4 See Pleading in the Blood: The art and performances of Ron Athey (Johnson Citation2013) to engage with the ‘blood readings’ of Athey and Franko B respectively, and how the work of each was received at the time.

5 The main actors in the following notes, Physarum polycephalum—the ‘slime mould’, as they are rather disparagingly named—belongs to an obscure sixth kingdom of life, the Mycetozoa, a microbial form that branched off from the evolutionary tree before animals split from plants and fungi. Its name means ‘many headed’. P. polycephalum is a golden-brown creature of constantly changing boundaries, an ancient, strangely intelligent organism with no brain or nervous system, enveloping prey in its flows until some stressor—hunger, thirst, diminishing habitat, parasitic invasion, climate distress—drives them to release their Strange Attractor, a chemical distress call (Alim et al. Citation2017).

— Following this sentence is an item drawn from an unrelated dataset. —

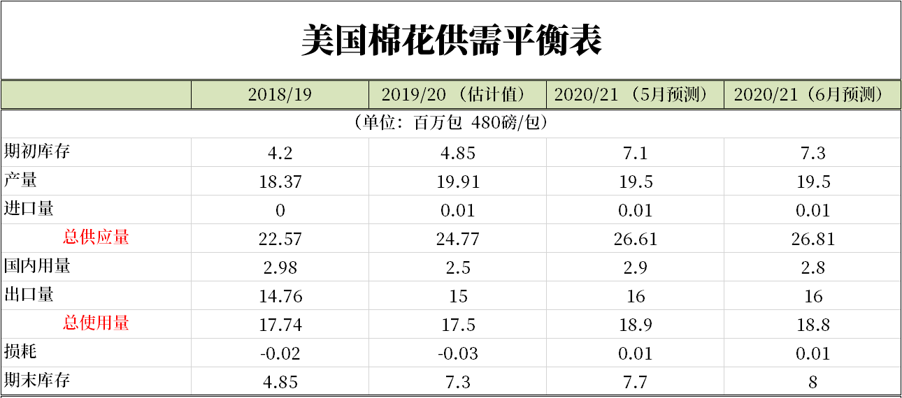 美國農(nóng)業(yè)部發(fā)布6月全球供需預(yù)測顯示,美國2019/20年度棉花消費量調(diào)減20萬包為250萬包、2020/21年度消費量調(diào)減10萬包。2019/20年度、2020/21年度期末庫存730萬包、800萬包。2020/21年度庫存消費比為43%,同比略微上升,明顯高于近幾年水平,但遠(yuǎn)低于2007/08年度的55%。

6 When the stress alarm is sounded, the solitary single-cell creatures organize themselves into a cooperative community, an acellular plasmodium. Previously invisible, they coalesce into visibility as they meet and transform from a multiplicity into a single organism, dissolving boundaries, cell walls and individual identities in order to form a single fruit designed to disseminate their genetic information. And there are costs in doing so: some of the creatures must sacrifice themselves to become a portion of the fruiting stalk that now rises slowly above the viscous body in order to hold aloft the fruit that will burst and spread cellular spores to new, more habitable locales.

7 In their movements as a single person (in the animist sense) P. polycephalum form/s spatial memories. They can navigate mazes modelled on the Tokyo transit system intelligently and efficiently (Sheldrake Citation2020: 15). They learn and teach others of its species, moving seemingly chaotically, changing directions, pulsating, moving as a Body-without-Organs, shapeless, permeating/being permeated, all in response to distress signals in its environment.

8 They move through space during crises, organizing, confronting and eluding danger, finding shared sustenance among themselves. They follow the flows and current, the spoors and pathways, in order to disseminate their information. And while some may sacrifice themselves in order to broadcast their core messages of life into the future, they do so in the course of preserving their community at all costs. These creatures, these persons, are primordial. They endure.